Earlier today I ran across this post on the Bank Technology News website - “Will banks abandon full-service mobile banking?” In short, while I disagree with some of the ancillary comments made by the respondents I certainly agree that mobile banking will not be abandoned. In fact, I would urge any institution that is not currently working towards a solution to do so quickly; otherwise, you risk the chance of being at a serious competitive disadvantage.

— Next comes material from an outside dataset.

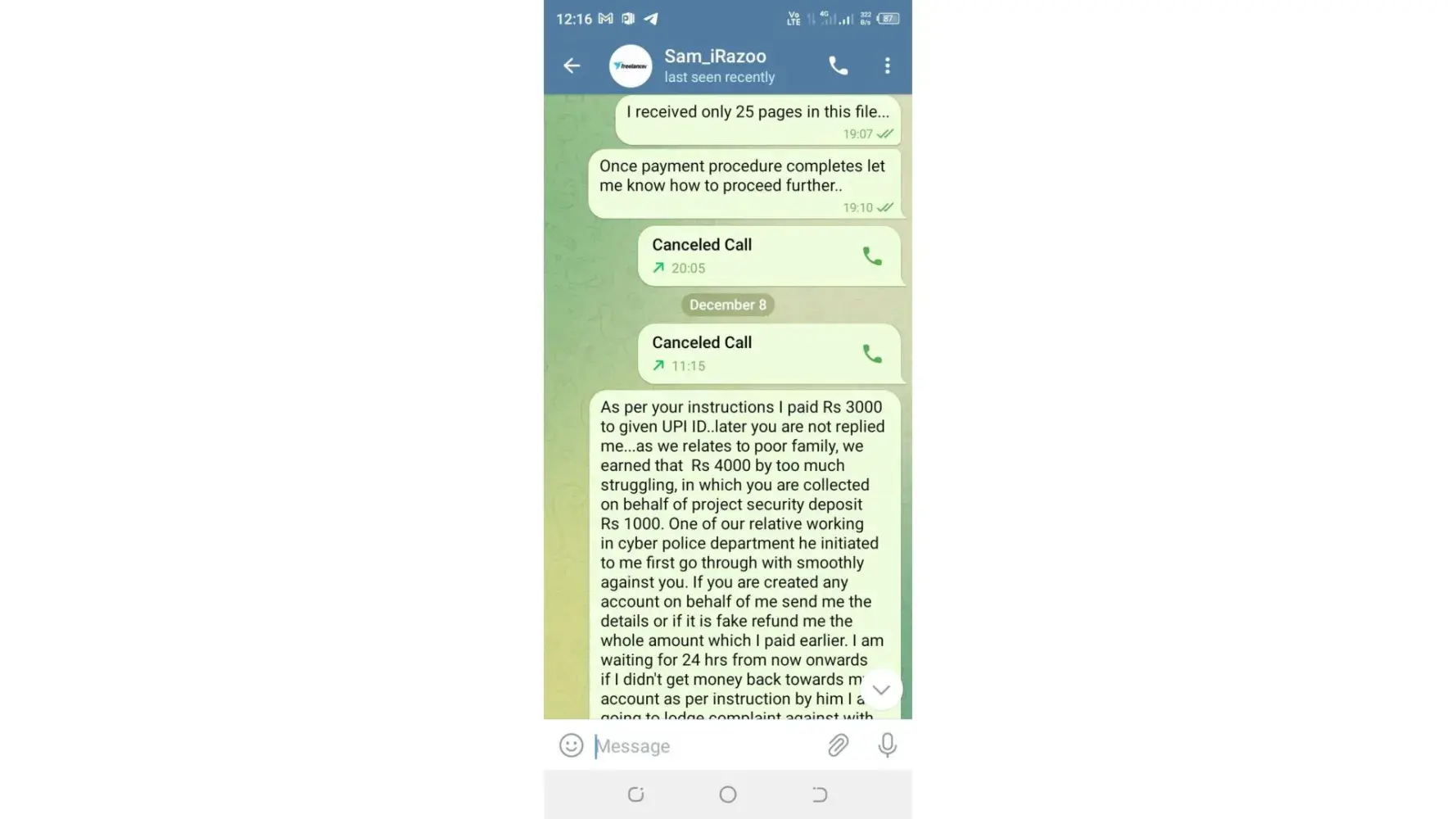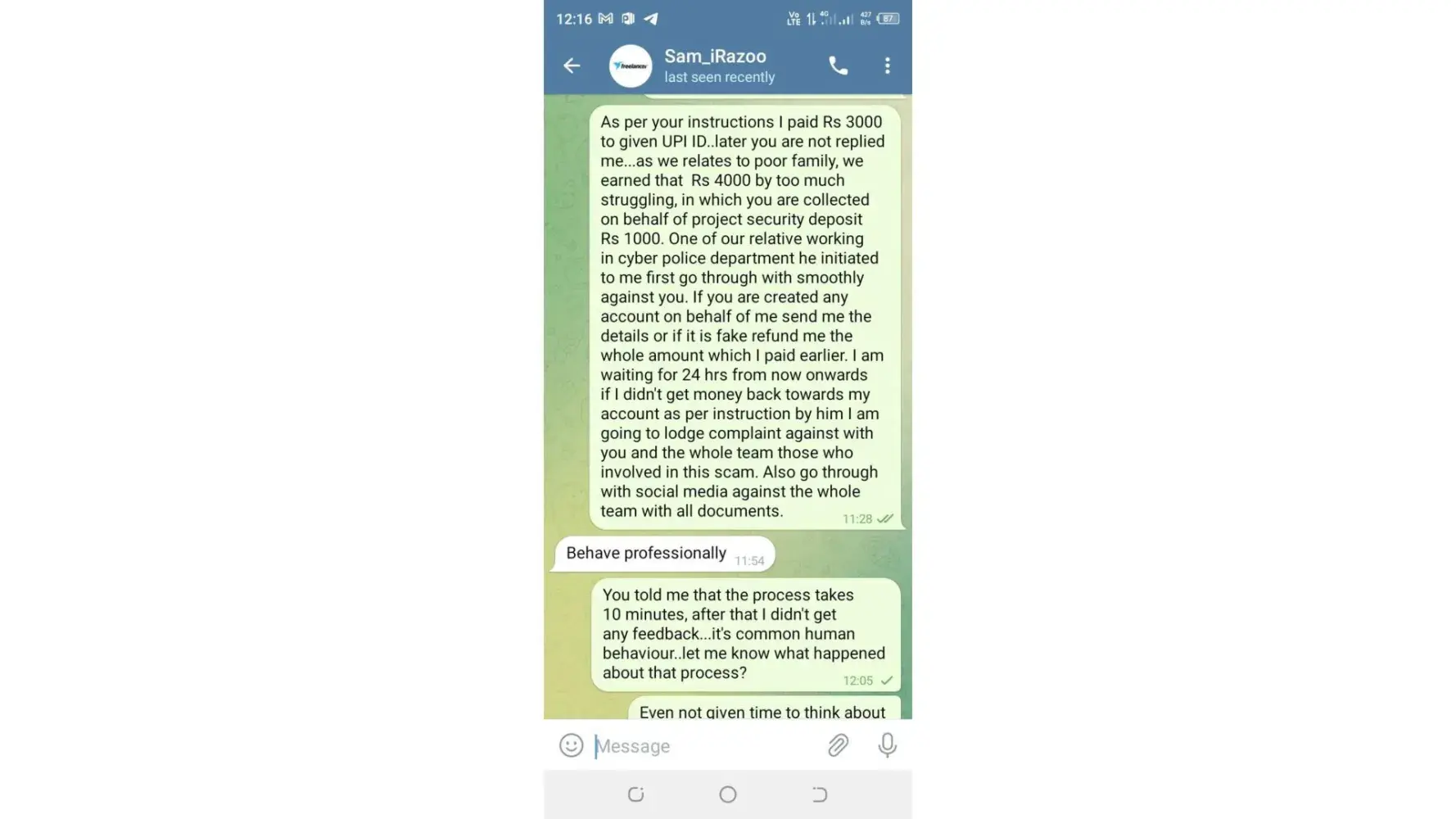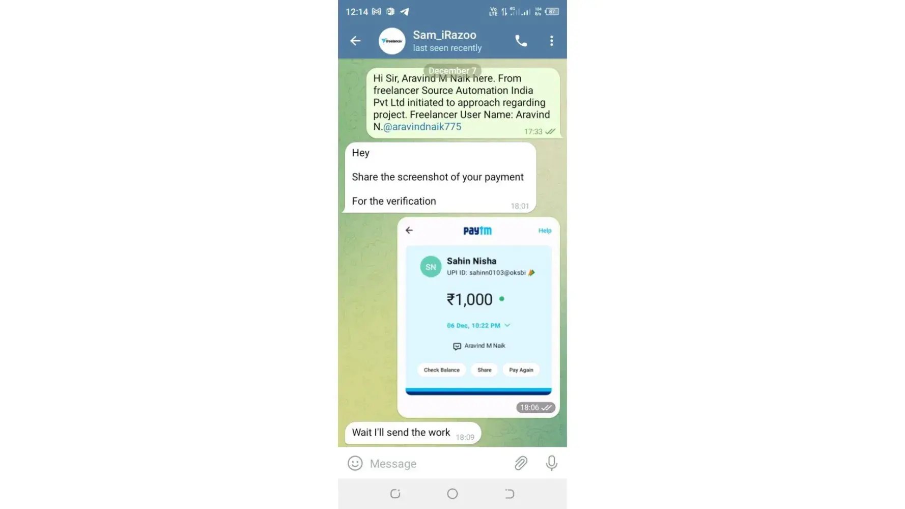 I Freelancer User [edited] and looking for data entry jobs which can be done from home. I choose this platform to continue my professional career. Recently I applied for bid, for that I get response from Aima F.@mairafirg and suggested me to give Freelancer Username , Name , Age and Country Name to their email: [protected]@gmail.com then I sent details through email. As per their instruction I submitted the filled form through https://freelancer-data-work-form01.paperform.co/ .With some terms and conditions they initiated to pay Rs1000 to [protected]@oksbi as security deposit and to fill with duly signed contract form and technical instruction form. After submission of both these form and security deposit acknowledgement, they initiated to contact @iRazoo_samual with telegram app. Later he initiated me to send the screenshot of security deposit 1000Rs to verify and to assign project. Then I sent him screen shot of security deposit which is paid to [protected]@oksbi account for the project plan 1. After verification he sent me 25 pages jpg file. Later he immediately initiated me to give international bank account details for the payment purpose. When he knows I didn't have any international bank account he told me to call with telegram app, he will suggest solution. After calling through telegram, he told me that many of freelancer users didn’t have international bank account, for such users they create account within freelancer platform for all types of currency transactions for that purpose we need to pay extra 3000Rs to create account. This process takes only 10 minutes, once the account is generated, he will share login details to me later we can withdraw this amount. (He didn’t give me time to think and quickly responding until rest of the payment transfer). He initiated to pay 3000Rs for the same UPI id [protected]@oksbi in which I have already paid security deposit 1000Rs. As per his instructions I paid Rs 3000 for the same UPI id. Once the money transferred to that account, he stopped responding to me. He told me the whole process takes 10 minutes time once the process is completed, he will send login details to me. I have waited for reply but no response from him. I started conversation with him to refund the money otherwise I will lodge the complaint against him and those who involved in this scam. He blocked and deleted all the conversation chat, but he doesn’t know I have already taken the screenshot. I gave him 24 hours’ time to refund, but he is not refunded. Whole these situations I explained with mail to original source [protected]@gmail.com and initiated them to refund my money. But they don’t give any response. I have attached all details for your kind reference. Please go through it and take necessary action to avoid other users couldn't face same problem in future which I faced, also suggest them to refund my payment. Hope you will do the needful.

Now, in the current environment there are very few clients that will leave your institution because you do not have mobile banking. However, client retention is only one-half of the “organic growth” equation. If an institution wants to truly grow they must also acquire new clients, and to attract new business you must have a complete product offering.
Still not sure?
Lets use FREE checking as an example. A few years ago I worked for Union Federal Bank ($4 Billion Assets / #3 in Indianapolis Market). At the time we were experiencing solid growth and consistently achieved our revenue goals. Then one day we were introduced to the concept of FREE checking. At the time, I remember being dumb-founded that we would pay a consultant to help us implement FREE checking. Yet, one year after launch we had doubled our previous years’ sales performance and the strategy made complete sense. Where did those accounts come from? We didn’t open 40 new branches and the population in the state of Indiana did not double over night. The answer is that we TOOK the accounts from our competitors.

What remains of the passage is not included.